1. What a Distributed Lock Is
A distributed lock is a coordination primitive used by multiple processes to reduce concurrent access to a shared resource.
It is usually used when processes are distributed across:
- multiple JVMs
- multiple Kubernetes pods
- multiple service instances
- multiple worker nodes
- multiple schedulers
- multiple deployment zones
A lock attempts to enforce:
Only one actor enters the critical section at a time.
But in real distributed systems, a Redis-backed lock is usually a lease, not an absolute guarantee.
A lease means:
You may act as owner only until this expiry time, assuming your view is still valid.
That assumption matters.
2. Lock vs Lease
A local Java lock such as synchronized or ReentrantLock is process-local.

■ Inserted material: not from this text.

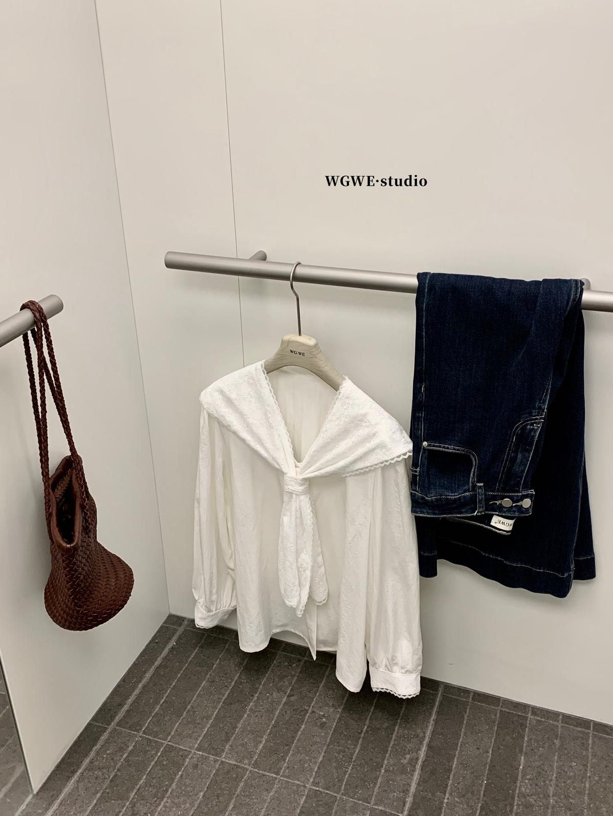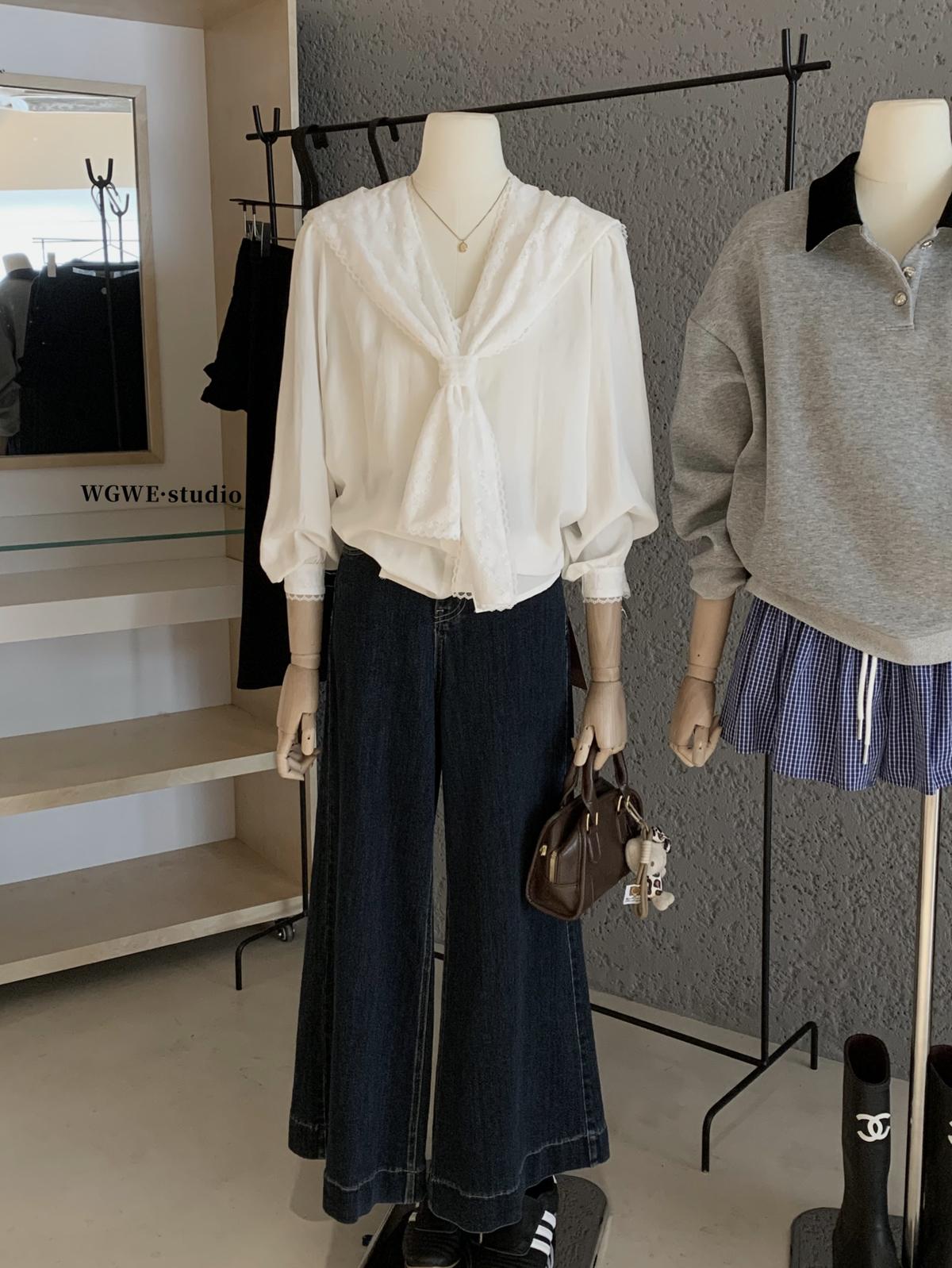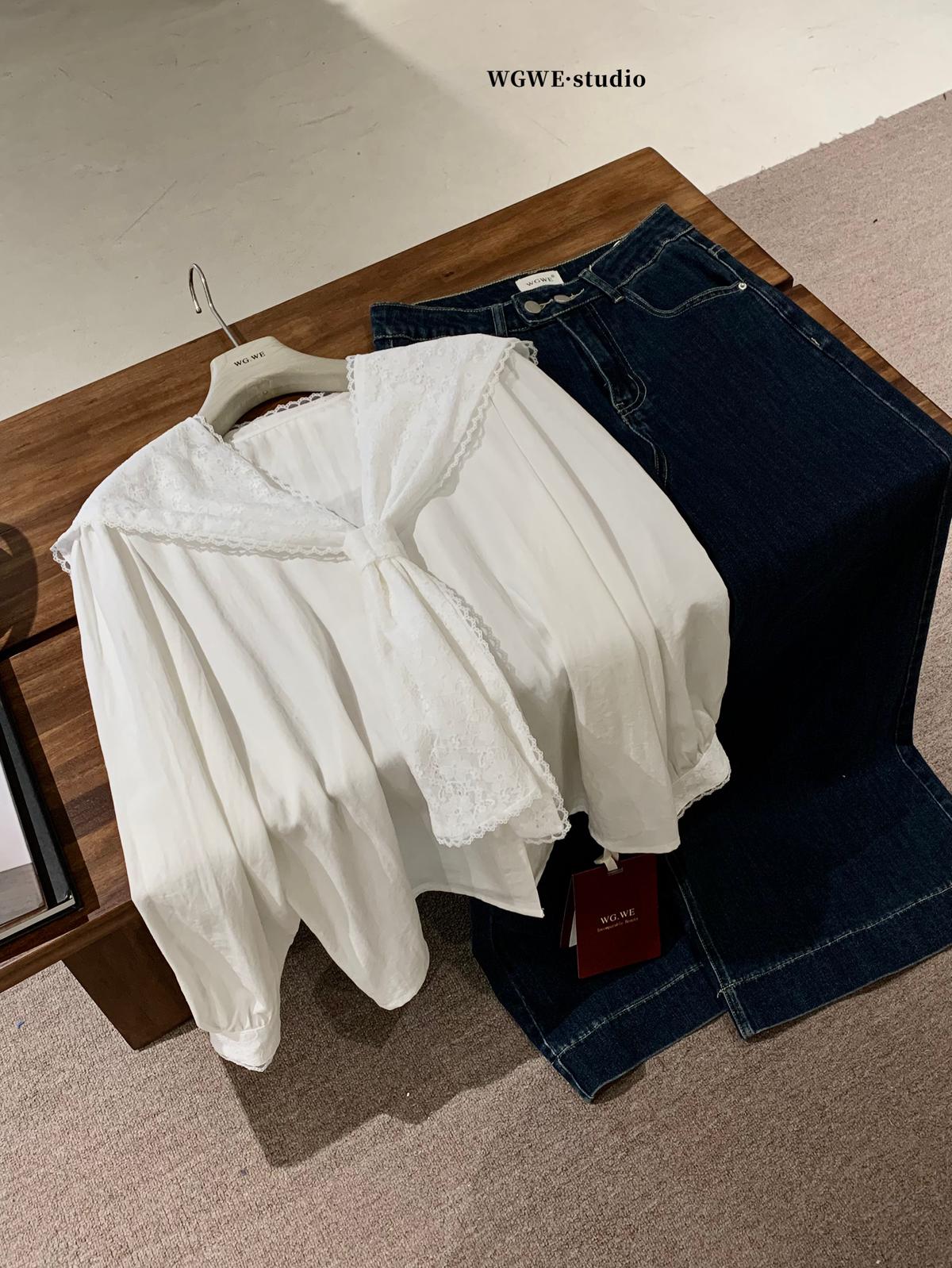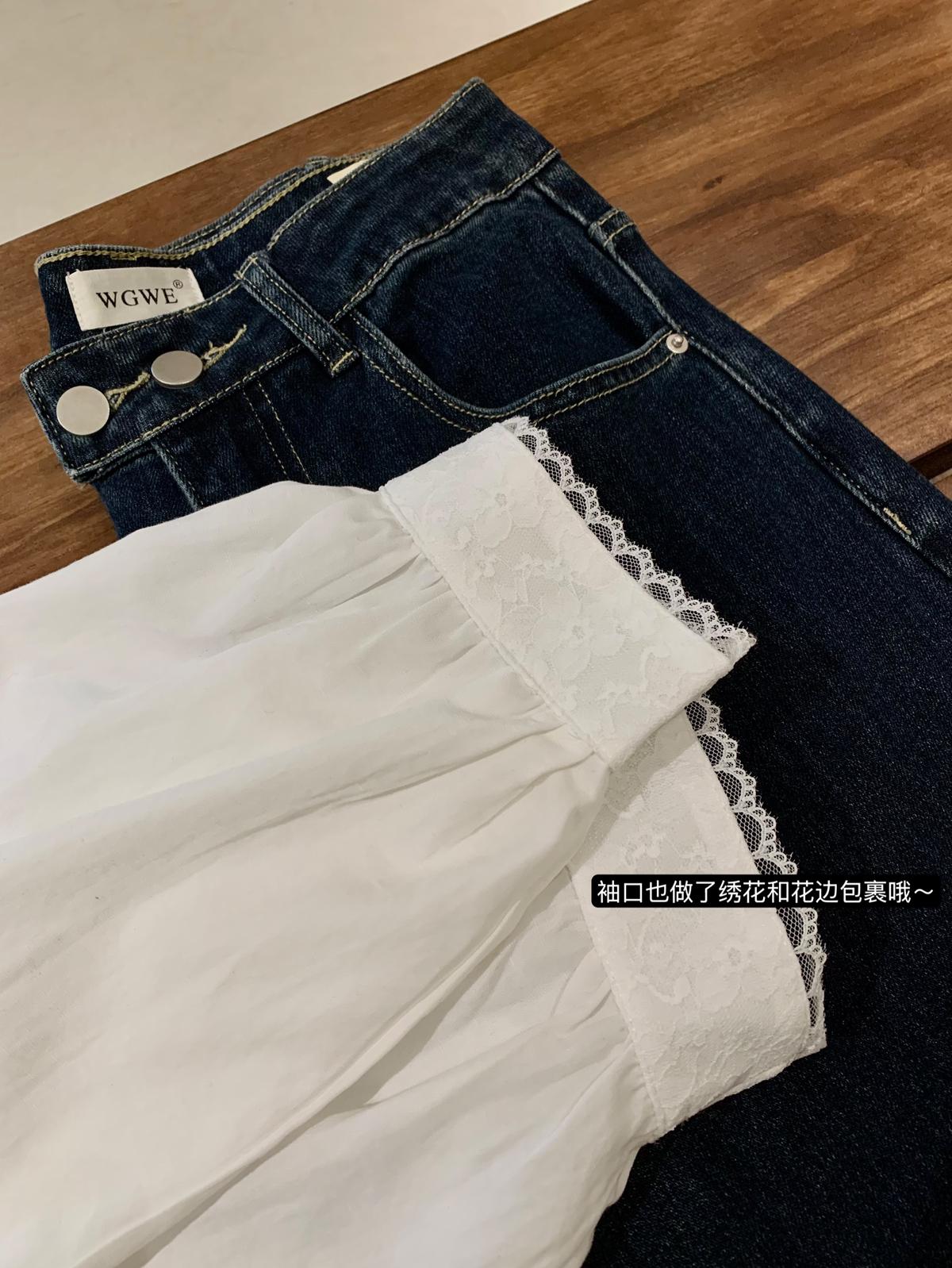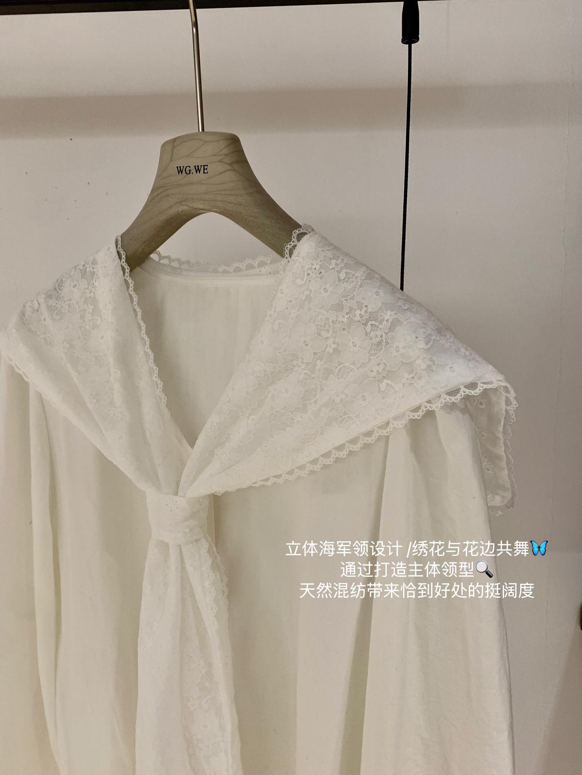 【C7568】法式蕾絲花邊減齡小衆休閒寬鬆襯衫(配披肩)

A distributed lock is different.
| Concept | Local lock | Distributed lease |
|---|---|---|
| Scope | one JVM | many processes/nodes |
| Failure model | thread crash/process crash | network split, Redis failover, GC pause, scheduler pause |
| Ownership | memory reference/thread | token stored in external system |
| Expiry | usually none | required |
| Safety | strong inside one JVM | bounded by lease design |
| Release | deterministic if code runs | may not run after crash |
A Redis lock must have expiry because the owner can die before releasing it.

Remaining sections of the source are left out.